RICE is one of the most important cereal crops and is a major export commodity. But the average rice yield per acre here is low compared to that of other rice-producing countries. An important reason for this low yield is imbalanced nutrient management.

Our farmers use macronutrients like nitrogen, phosphorus and potash without knowing the requirement of their soils. Boron is an important micronutrient which is deficient in our soils. It is one of the most important nutrients for rice crop throughout its growth cycle. Boron deficiency is ever-increasing as a result of intensive cropping and non judicious use of fertilisers.

Boron deficiency, among other micronutrients, has a serious impact on crop productivity because of intensive cropping and imbalanced use of macro nutrients.

We are not adding the much needed micronutrients to our soils. Boron is relatively immobile in rice plants and not retranslocated to new growth, and therefore its deficiency symptoms usually appear first on young leaves. In case of boron deficiency, young rice leaves show white and rolled tips and death of growing points. The plant is also dwarfed due to its deficiency.

If the deficiency occurs at the panicle formation stage the plant fails to produce panicles. In fine varieties of rice, increasing sterility is the main problem, which is due to boron deficiency. The deficiency occurs in highly weathered, acid-red soils, sandy rice soils and acid soils.

Boron is also very important in improving kernel quality. Starch contents, grain size, shape and strength is increased by applying boron at proper time. Starch contents are very important for increasing cooking quality of rice.

With the insufficiency of starch in rice kernels, stickiness after cooking increases which is undesirable. Its uptake in higher plants is closely related to the pH and boron concentration in the soil solution and is probably a passive process.

The list of possible role of boron is long, including sugar transport, cell wall synthesis, lignifications etc. This long list might indicate, either that boron is involved in a number of metabolic pathways.

Boron availability generally decreases as soil becomes dry. Therefore, boron deficiency is more likely in plants suffering from water deficit. This may be because plants encounter less available boron when they extract moisture from soil at a lower depth during dry conditions.

Wetting and drying cycles increases the amount of boron fixation. Many researchers have suggested that the level of soil organic matter influences the availability of boron to plants. However, there is little information about the role of organic matter in boron nutrition.

If the plant and soil analysis show its deficiency, then following management practices should be adopted. Excessive leaching should be avoided as boron is very mobile in flooded rice soils. On boron deficient soils, apply slow-acting boron sources (e.g., colemanite) at intervals of two to three years. Boron fertilisers have a longer residual effect in salty and clayey soils (2-3 kg boron per ha should be applied) than in sandy soils (apply 3-5kg boron ha-1). In rice-wheat systems, boron applied to wheat can alleviate boron deficiency in the subsequent rice crop. Apply boron in soluble forms (borax) for rapid treatment of boron deficiency (0.5-3 kg boron ha-1), broadcasted and incorporated before planting, top dressed or used as foliar spray during vegetative growth. Borax and fertilizer borates should not be mixed with ammonium fertilisers because this will cause NH3 volatilisation.

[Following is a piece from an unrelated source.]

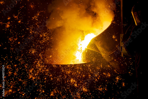 Foundry. Pouring hot metal from a ladle into molds. Bright red metal and sparks flying to the sides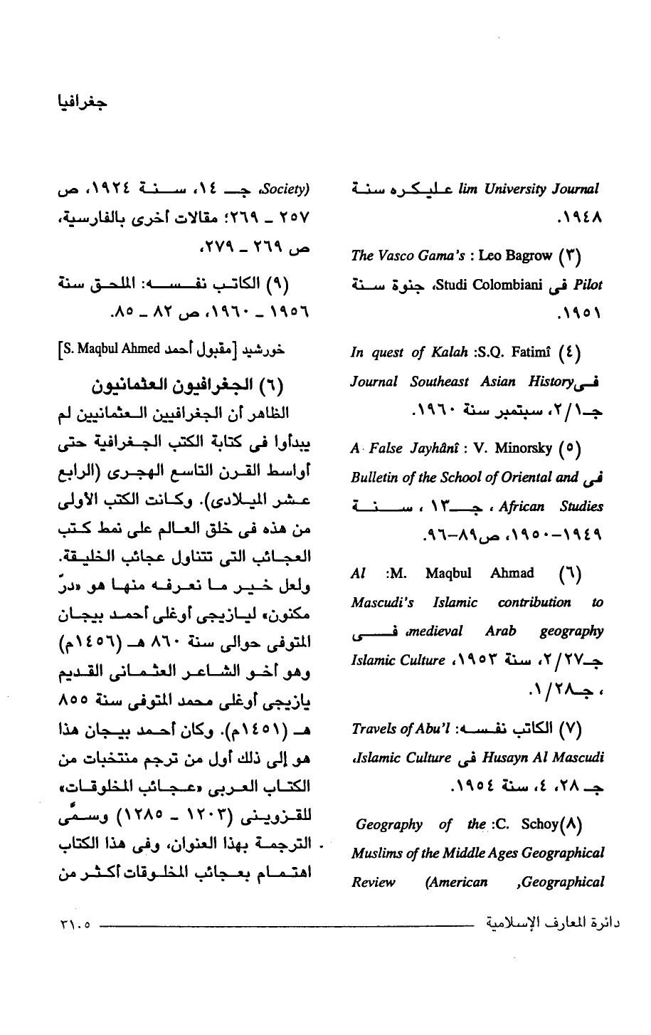 (6) Al: M. Maqbul Ahmad Mascudi's Islamic contribution to medieval Arab geography، في جـ 2/ 27، سنة 1953، Islamic Culture، جـ 1/ 28.

Excessive amounts of boron should not be applied to avoid boron toxicity. If boron is at toxic level then plant shows symptoms like Chlorosis of tips and margins of older leaves as initial symptoms and dark brown elliptical spots on discolored areas two to three weeks later followed by browning and drying up.

The general measures to prevent boron toxicity include use of boron toxicity tolerant varieties Use surface water with low boron content for irrigation. Groundwater must be monitored regularly if used for irrigation. If the boron concentration is too great, dilute with water from a different source containing a small amount of boron.

Mostly rice is produced in our country by transplanting nursery in puddled field which is maintained at flooded condition up to physiological maturity. But as the world water resources are shrinking rapidly so the flooded rice is in process of shifting to aerobic condition.

Direct seeded rice, alternate wetting and drying etc., are under studies and becoming popular. This shifting may also cause the problem for boron uptake which leads toward more pollen sterility and thus lower resultant yield.

Extension wing should try to create awareness about the significance of boron fertilisation in rice along with identification and mitigation of its deficiency. Agriculture officers should be provided facilities to visit each and every farmer at his door step and guide him about use of boron. Farmer meetings, field days and formal and non-formal education can also be used effectively in this context.

Furthermore, credit facilities and incentives should be given to farmers along with technical guideline about when, how and how much boron should be applied. Electronic and print media should also play their role by conducting programmes with close eye on creating awareness about boron use and its management.

Dose of boron can be set according to the different rice cultures. The element should be included in nutrient management system when planning about rice nutrition so that higher outcome can yield benefits to our farmers and our country can earn a significant foreign exchange through export of quality rice.